Leadership, at its most compelling, is the art of seeing potential where others see decay. In Ibadan, Honourable Ademola Omotoso, Chairman of the Oyo State Housing Corporation, is proving this truth through his bold reclamation of the once-neglected Olubadan Estate opposite Gbagi Market.

The project is as ambitious as it is necessary, reclaiming government-owned land from encroachment and transforming it into a modern residential and commercial hub.

For years, the estate had languished in disorder, its promise swallowed by unauthorised developments and neglect. Omotoso has set out not just to recover the land, but to restore its purpose.

Central to his plan is a world-class shopping mall complex designed to complement Gbagi Market, the city’s traditional centre of trade.

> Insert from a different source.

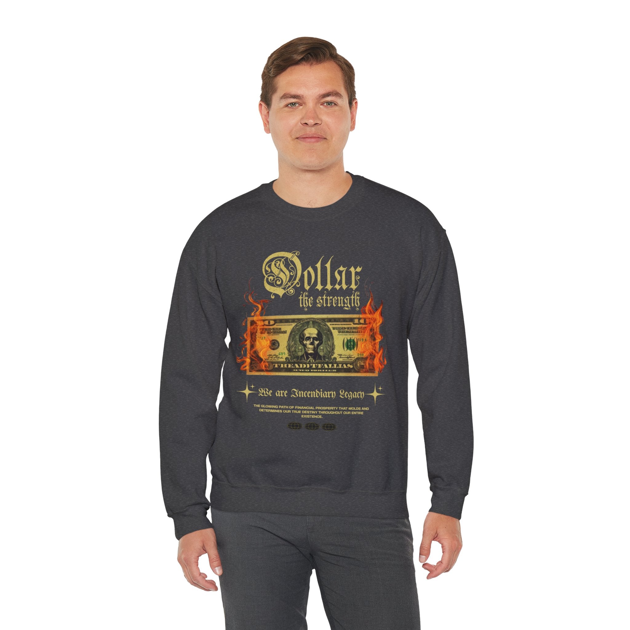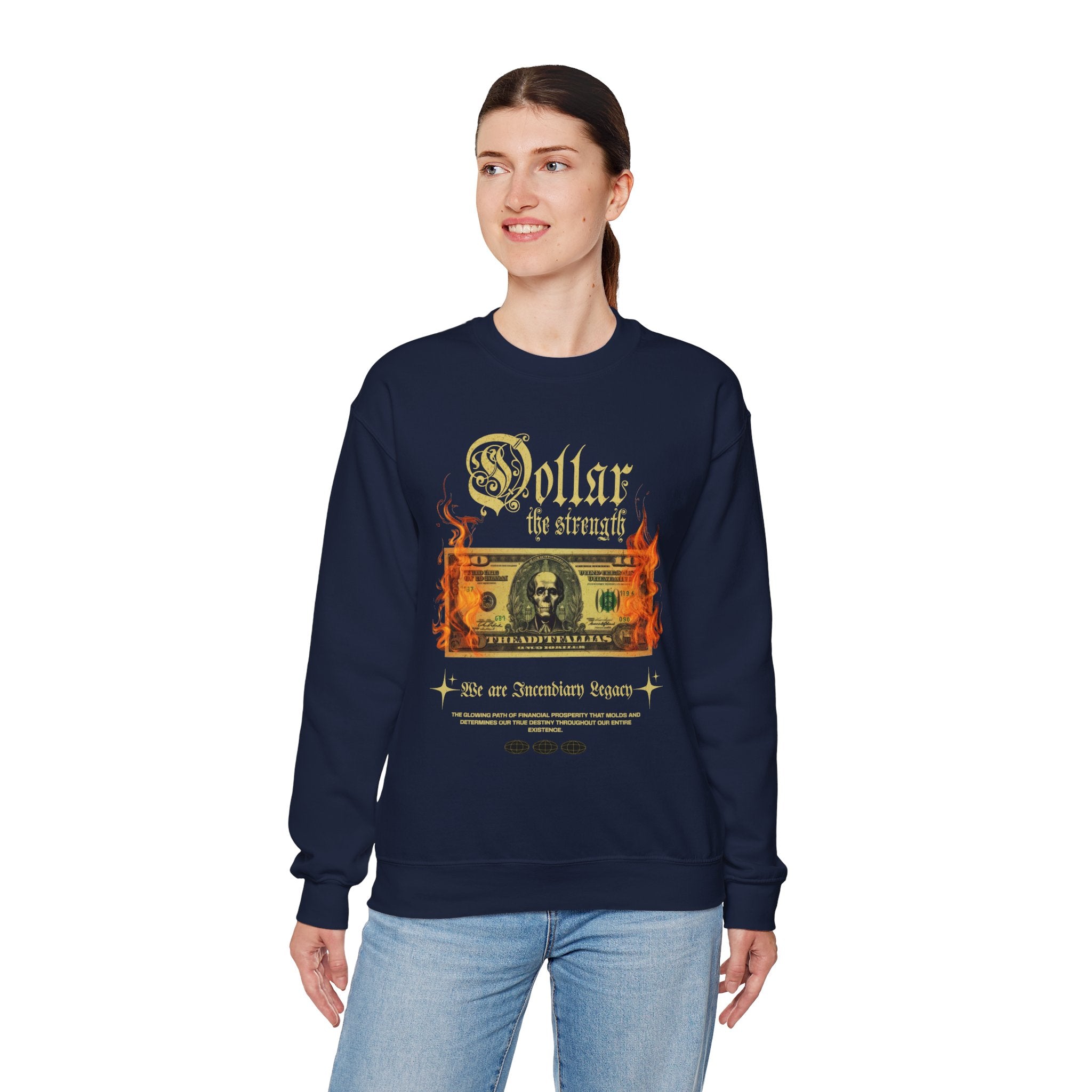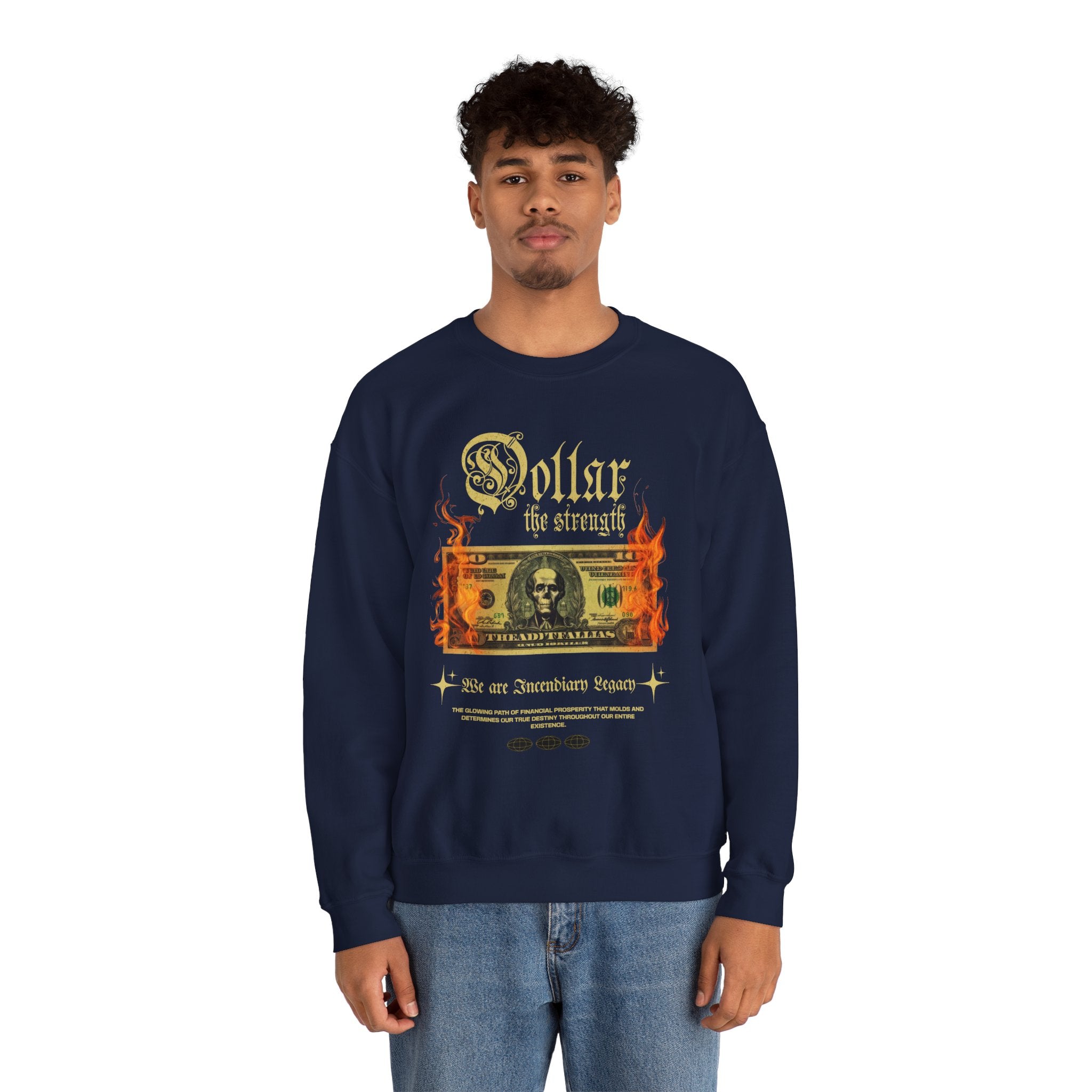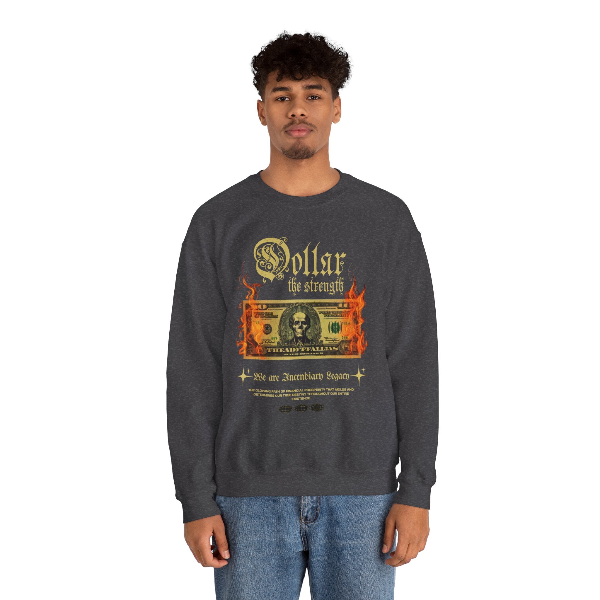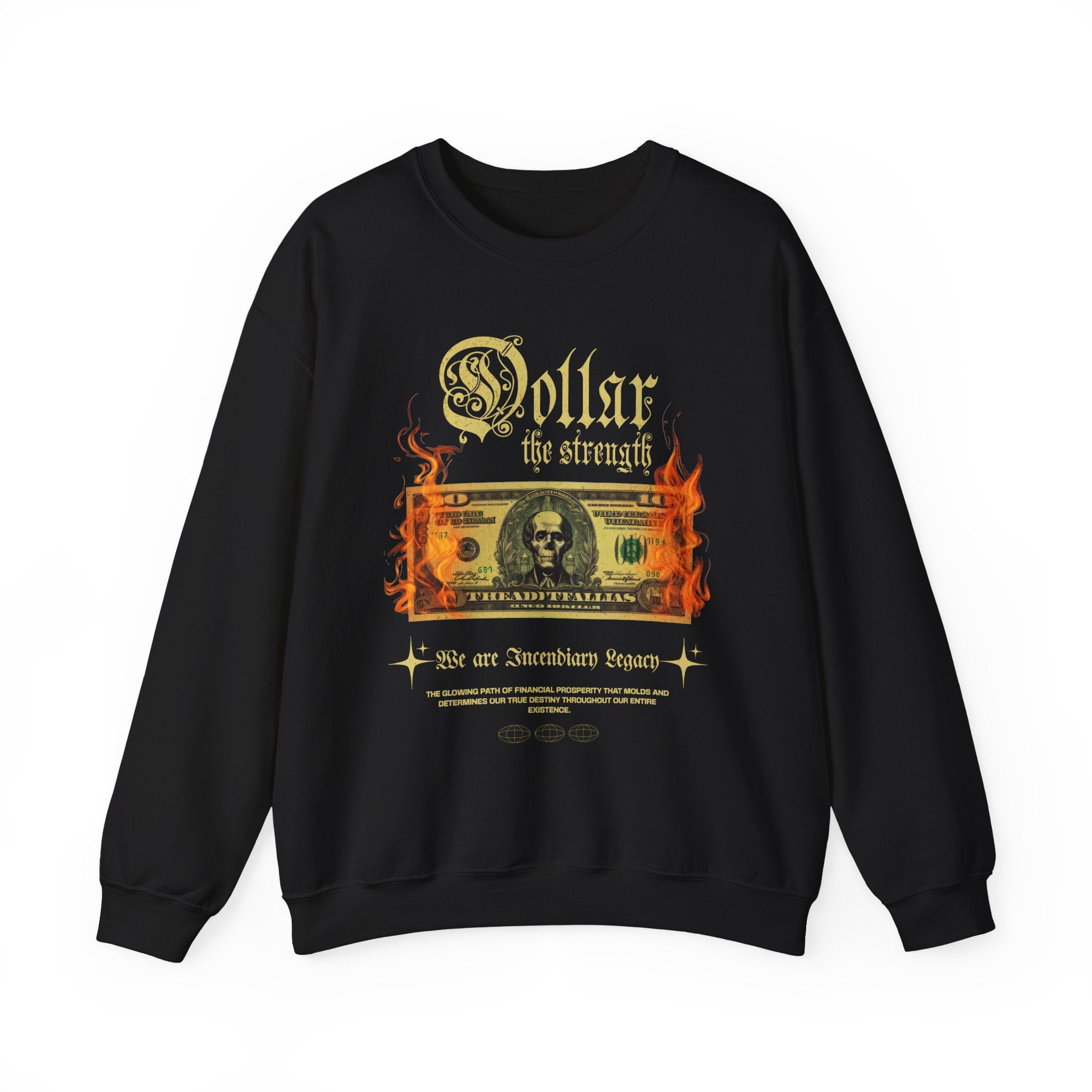 The Dollar The Strength Unisex Heavy Blend™ Crewneck Sweatshirt embodies the hustler’s mentality and fiery pursuit of success. With its burning dollar bill graphic in roaring flames, gothic-inspired lettering, and motivational slogan “We Are Incendiary Legacy”, this pullover is a powerful fashion statement for those who chase prosperity and legacy fearlessly.

The vision is to blend Ibadan’s famed entrepreneurial heritage with modern commerce, to give traders organised facilities, clean surroundings, and better access, while attracting investors and shoppers from across the South West.

But to Omotoso, the mission is about more than aesthetics or profit. It is about dignity, creating well-planned, inclusive spaces where people can live and work productively.

The estate’s new design combines housing with retail and service areas, complemented by green spaces, efficient drainage, reliable power, and strong security systems. It is a living model of what a 21st-century community can be.

His approach is grounded in inclusion. The development is not reserved for an elite few but open to civil servants, artisans, traders, and professionals alike.

This diversity, Omotoso argues, is what gives a city its soul. Economically, the project promises a cascade of benefits, job creation, increased local revenue, and stimulation of small businesses.

Under Omotoso’s leadership, the Oyo State Housing Corporation has already undergone its own quiet revolution.

Once a dormant agency, it now generates over N1 billion monthly, a result of digital reforms, stricter accountability, and strategic vision.

The success at Ajoda New Town Estate, transformed from bare land into a thriving modern community, stands as proof of what is possible.

The Olubadan project, however, is his most symbolic challenge yet. Reclaiming it means confronting encroachment, managing costs, and balancing development with environmental responsibility. Yet Omotoso’s calm, measured style suggests he will see it through.

If successful, the new Olubadan Estate will do more than alter Ibadan’s skyline. It will redefine what public leadership can achieve, turning lost ground into living proof that progress is best built on integrity, not intention.